Exemple emblématique, des "friches culturelles" apparaissent par dizaines dans les grandes villes françaises et leurs environs. Ces grands espaces désaffectés - ancien hôpital comme les Grands Voisins à Paris, ex-usine comme la Halle Papin à Pantin (Seine-Saint-Denis) - sont loués pour un temps limités à des acteurs souvent associatifs ou culturels.
"On a une quinzaine de biens de ce type - entrepôts, gares - qui nous appartiennent et dont on n'a plus un usage immédiat", explique à l'AFP Benoît Quignon, directeur général de la filiale immobilière de la SNCF.
Le géant ferroviaire est aussi un géant immobilier: il s'agit du deuxième propriétaire foncier français. Il a particulièrement investi l'urbanisme temporaire: après avoir réinventé en halle gastronomique un espace de tri postal près de la Gare de Lyon - l'un des projets "Ground Countrol" -, il a inauguré cet été la "Cité Fertile" dans une ancienne gare de fret à Pantin.
"On fixe les règles du jeu au départ: ça peut durer six mois, neuf mois, la Cité Fertile c'est trois ans", précise M. Quignon. "On choisit le projet qui correspond le mieux aux enjeux du site. Parfois on a des idées qui sont géniales, mais on sent que l'équipe en face est un peu faible sur les enjeux budgétaires".
Sans déconnecter ses projets de la réalité économique, la SNCF affiche moins une logique d'investissement financier que d'optimisation d'un large patrimoine désaffecté.
"Au départ, c'était une manière de gérer les sollicitations qui sont très nombreuses", de la part d'acteurs demandant à occuper ces terrains, explique M. Quignon. "Et puis, on a une responsabilité d'entreprise: que ce que l'on a construit pour le pays, on se doit de le conserver et de le valoriser".
Le discours de la SNCF est représentatif de l'approche française du phénomène: il reste le fait d'acteurs publics qui préfèrent évoquer des enjeux d'intérêt général - mixité sociale, animation urbaine -, plutôt qu'économiques.
Tâter le terrain
A part la SNCF, les terrains appartiennent aux collectivités locales: c'est le cas de la soixantaine de lieux recensés en région parisienne, ou, ailleurs, d'endroits comme la friche Lamartine à Lyon.
Par contraste, le Royaume-Uni a vu la promotion immobilière prendre en main ce phénomène, y trouvant un intérêt économique dans un contexte d'effondrement du foncier à la suite de la crise de la fin des années 2000.

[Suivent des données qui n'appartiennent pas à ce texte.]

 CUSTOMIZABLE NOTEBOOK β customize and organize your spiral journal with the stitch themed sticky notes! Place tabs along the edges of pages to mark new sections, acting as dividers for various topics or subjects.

"On a eu ça pas mal sur le marché londonien: des promoteurs sont spécialisés et utilisent l'urbanisme temporaire pour rendre des terrains viables commercialement", explique à l'AFP l'urbaniste Lauren Andres, de l'université de Birmingham.

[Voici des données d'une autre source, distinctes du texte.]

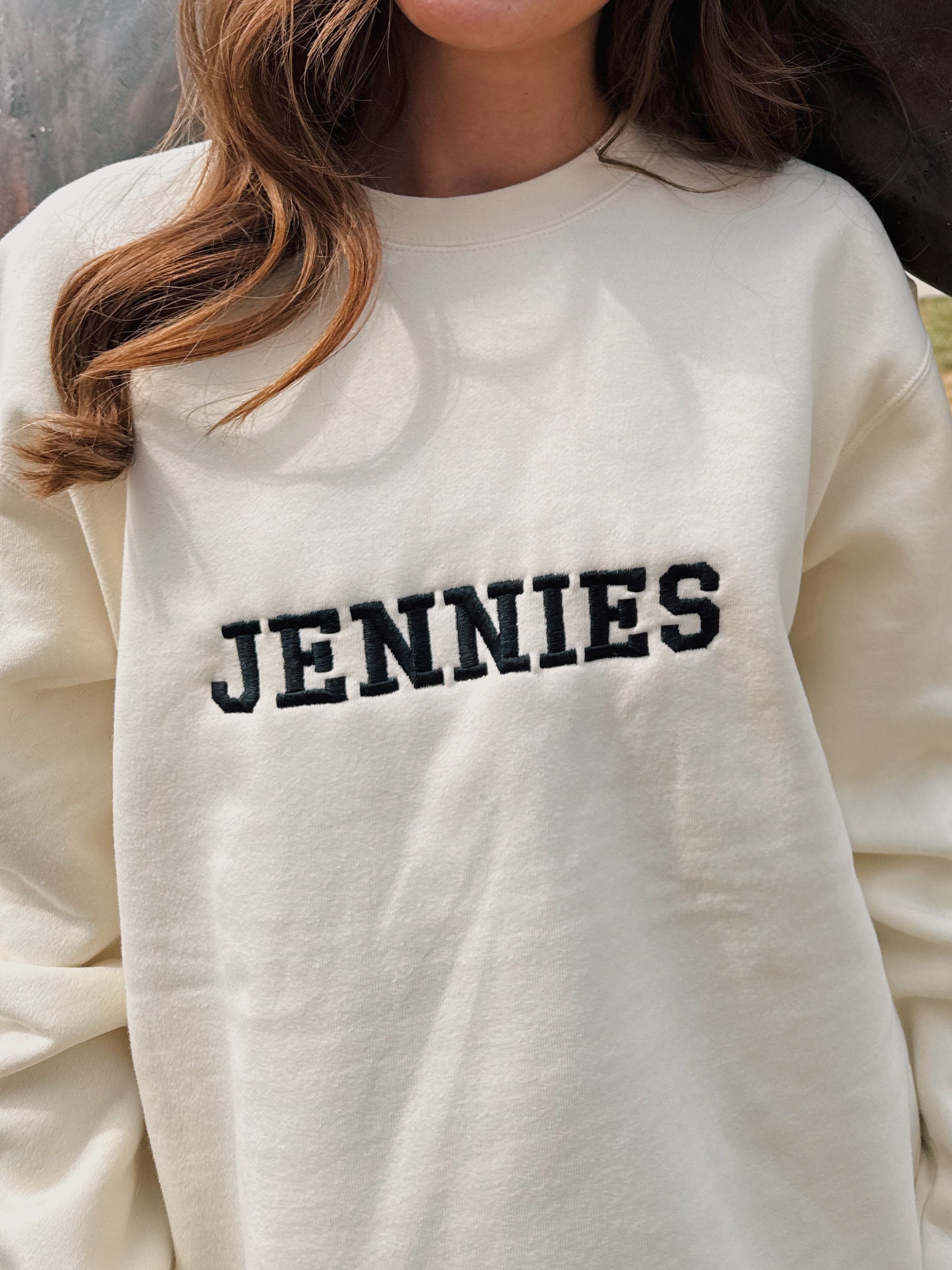 Cream unisex fit heavy blend crewneck with MULES or JENNIES embroidery in black letters.

"Des petites entreprises n'ont pas les ressources financières pour acheter d'immenses terrains", ajoute-t-elle. "Elles prennent le risque d'aller sur des terrains plus difficiles, dans des quartiers pas forcément centraux, marqués par une forte proportion de logements sociaux".
En y accueillant d'entrée des occupants temporaires, le promoteur résout non seulement des problèmes d'entretien ou de sécurité, mais il tâte le terrain sur l'usage définitif du site et prépare l'esprit des riverains pour limiter les contestations éventuelles.
"La grosse différence, qui fait que ça met plus longtemps à s'implanter en France, c'est que l'aménagement y est très régulé alors que le promoteur reste roi en Grande-Bretagne", avance Mme Andres.
Quelques rares acteurs privés se spécialisent toutefois dans cette stratégie en France. C'est le cas du promoteur Novaxia, qui porte une trentaine de projets de ce type et présentait en juin son travail sur un immeuble parisien du XVIIIe siècle; il accueille start-ups et associations avant d'être transformé d'ici à 2021 en hôtel de luxe.
"Un bâtiment vide perd de sa valeur, pourquoi laisser des locaux vacants deux ou trois ans?", soulignait à cette occasion son président, Joachim Azan.
"L'immobilier aujourd'hui est très cher, on a atteint un point haut: l'enjeu des prochaines années, ça va être de créer de la valeur différemment", concluait-il. "C'est une question de business model qui doit être complétement revu".